Reduces a “Quadrant Jitter” observation, using object masking, and
telescope offsets for registration QUADRANT_JITTER_TELE
It performs bad-pixel masking, null debiassing, dark subtraction, flat-field creation and division, registration using telescope offsets, and resampling. See the “Notes” for further information.
This recipe is intended for extended moving sources (comets) tracked by the telescope. The source extent should not exceed 45 arcseconds for UFTI or 10 arcseconds for IRCAM, in moderately crowded fields. Sources may include those with a comparatively bright core embedded in faint extended emission. The object need not be isolated, as the recipe masks objects within the other quadrants, and hence does not introduce significant artifacts into the flat field. This recipe should not be used for frames where the telescope has not guided on the moving object. In that case reduction should be performed by MOVING_QUADRANT_JITTER, which registers using the telescope offsets alone.
A World Co-ordinate System (WCS) using the AIPS convention is created in the headers should no WCS already exist.
For IRCAM, old headers are reordered and structured with headings before groups of related keywords. The comments have units added or appear in a standard format. Four deprecated headers are removed. FITS-violating headers are corrected. Spurious instrument names are changed to IRCAM3.
The bad pixel mask applied is $ORAC_DATA_CAL/bpm.
Each dark-subtracted frame has thresholds applied beyond which pixels are flagged as bad. The lower limit is 5 standard deviations below the mode, but constrained to the range -100 to 1. The upper limit is 1000 above the saturation limit for the detector in the mode used.
The flat field is created iteratively. First the quadrant containing the object is masked in each object frame. Second an approximate flat field is created by combining the normalised and masked object frames using the clipped median at each pixel. This flat field is applied to the object frames. Sources within the flat-fielded frames are detected, and masked in the dark-subtracted frames. The second stage is repeated but applied to the masked frames to create the final flat field.
Registration is performed using the telescope offsets transformed to pixels.
The resampling applies non-integer shifts of origin using bilinear interpolation. There is no rotation to align the Cartesian axes with the cardinal directions.

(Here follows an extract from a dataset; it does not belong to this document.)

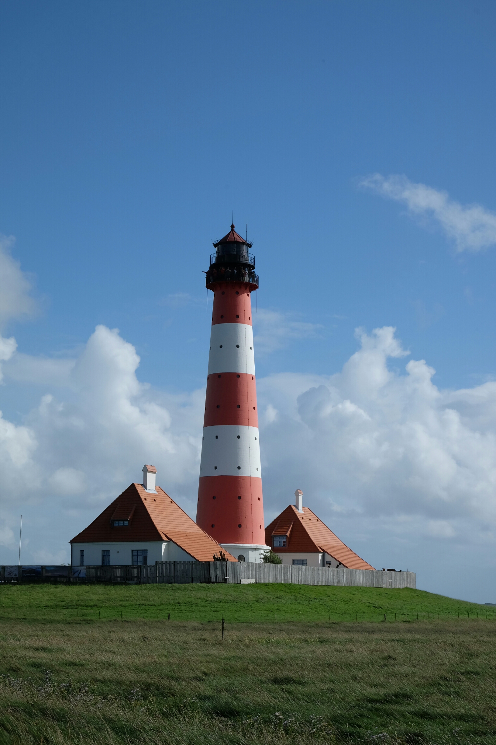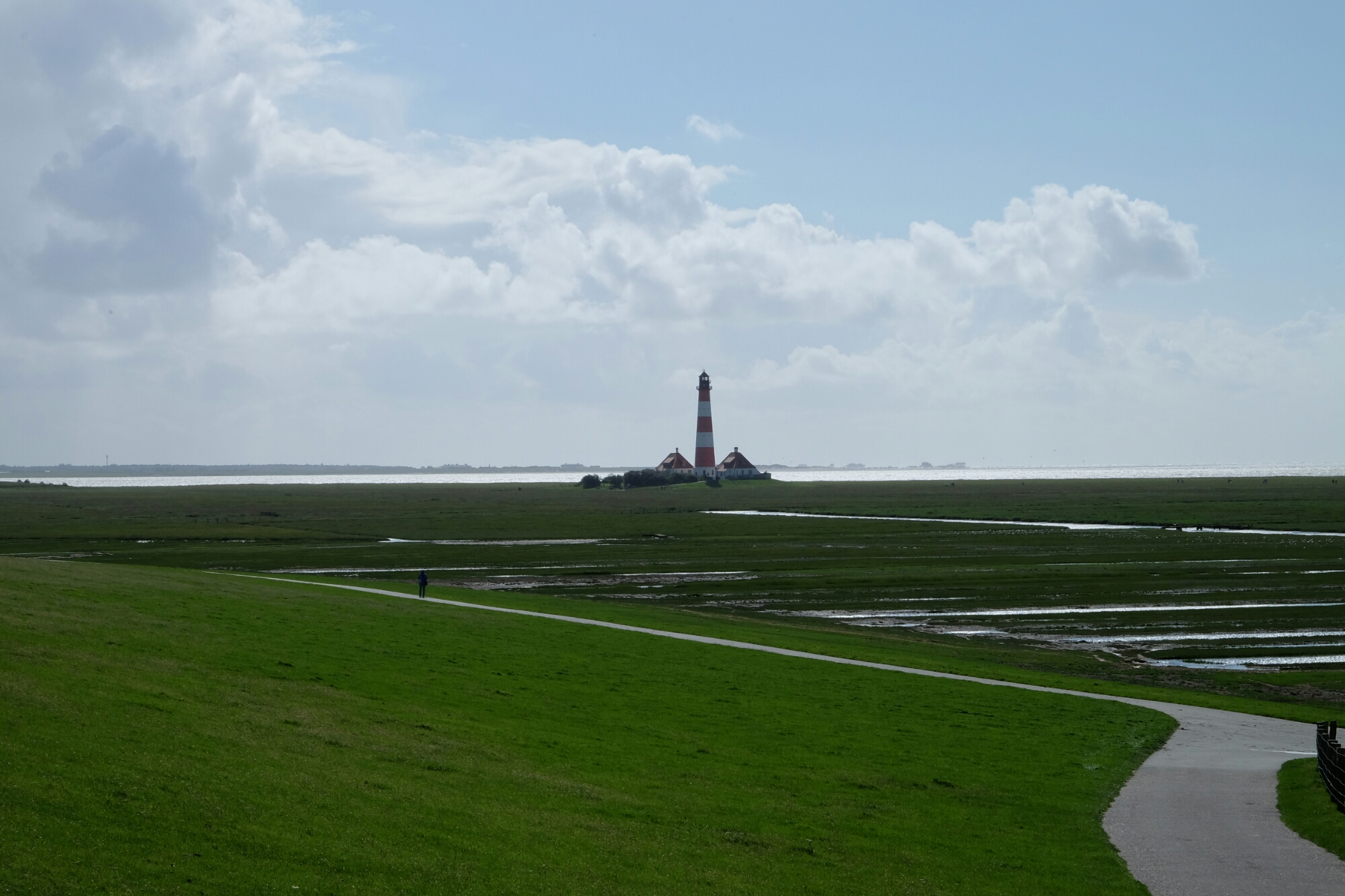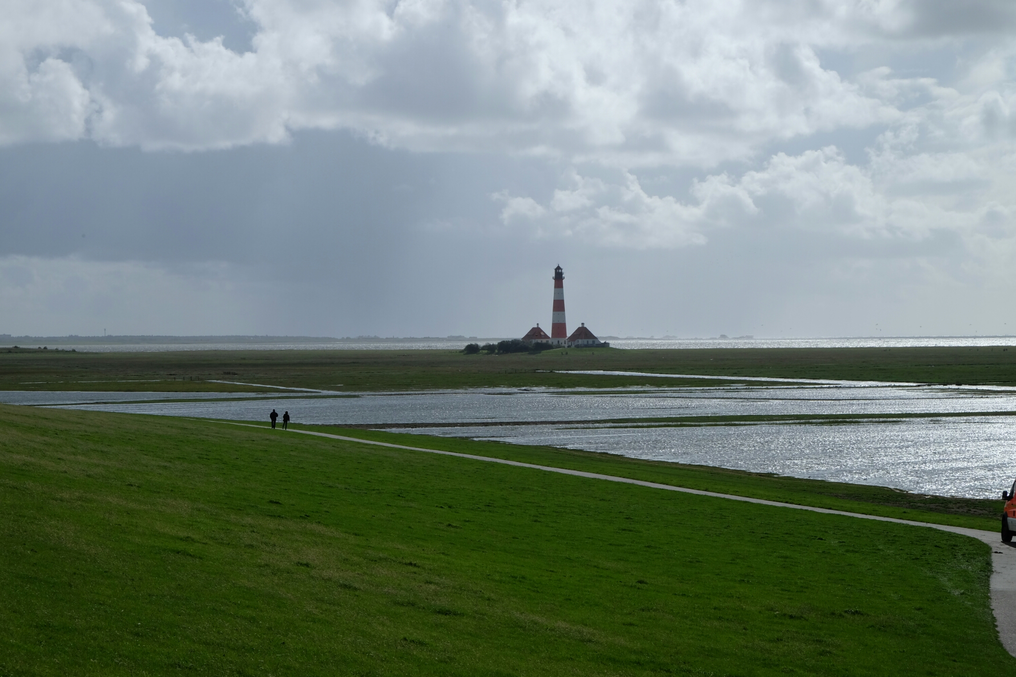 Der Leuchtturm von Westerhever steht hinter dem Deich mitten in der ausgedehnten Salzwiese am Rande des Wattenmeers. Der Leuchtturm wird auf unzähligen Prospekten und Postkarten (gute alte Zeit) abgebildet. Daher wollen ihn natürlich auch viele Touristen sehen. Man parkt vor dem Deich und nimmt den rund (2x) 2.2km langen Weg zu Fuss oder mit dem Velo in Angriff.

The recipe makes the mosaics by applying offsets in intensity to give the most consistent result amongst the overlapping regions. The mosaic is not trimmed to the dimensions of a single frame. Thus the noise will be greater in the peripheral areas having received less exposure time. The full signal will be in the central ninth containing the main object. The mosaic is not normalised by its exposure time (that being the exposure time of a single frame).
For each cycle of four, the recipe creates a mosaic, which has its bad pixels filled and is then added into a master mosaic of improving signal to noise. The exposure time is also summed and stored in the mosaic’s corresponding header. Likewise the end airmass header and end UT headers are updated to match that of the last-observed frame contributing to the mosaic.
Intermediate frames are deleted except for the flat-fielded (_ff suffix) frames.
The integrated mosaic in mdate_group_number_mos, where m is the instrument’s group prefix.
A mosaic for each cycle of four in
mdate_group_number_moscycle_number,
where cycle_number
counts from 0.
The individual flat-fielded frames in idate_obs_number_ff, where i is the frame prefix. The naming format is slightly different for some non-UKIRT instruments.
The created flat fields in flat_filter_group_number for the first or only cycle, and flat_filter_group_number_ccycle_number for subsequent cycles.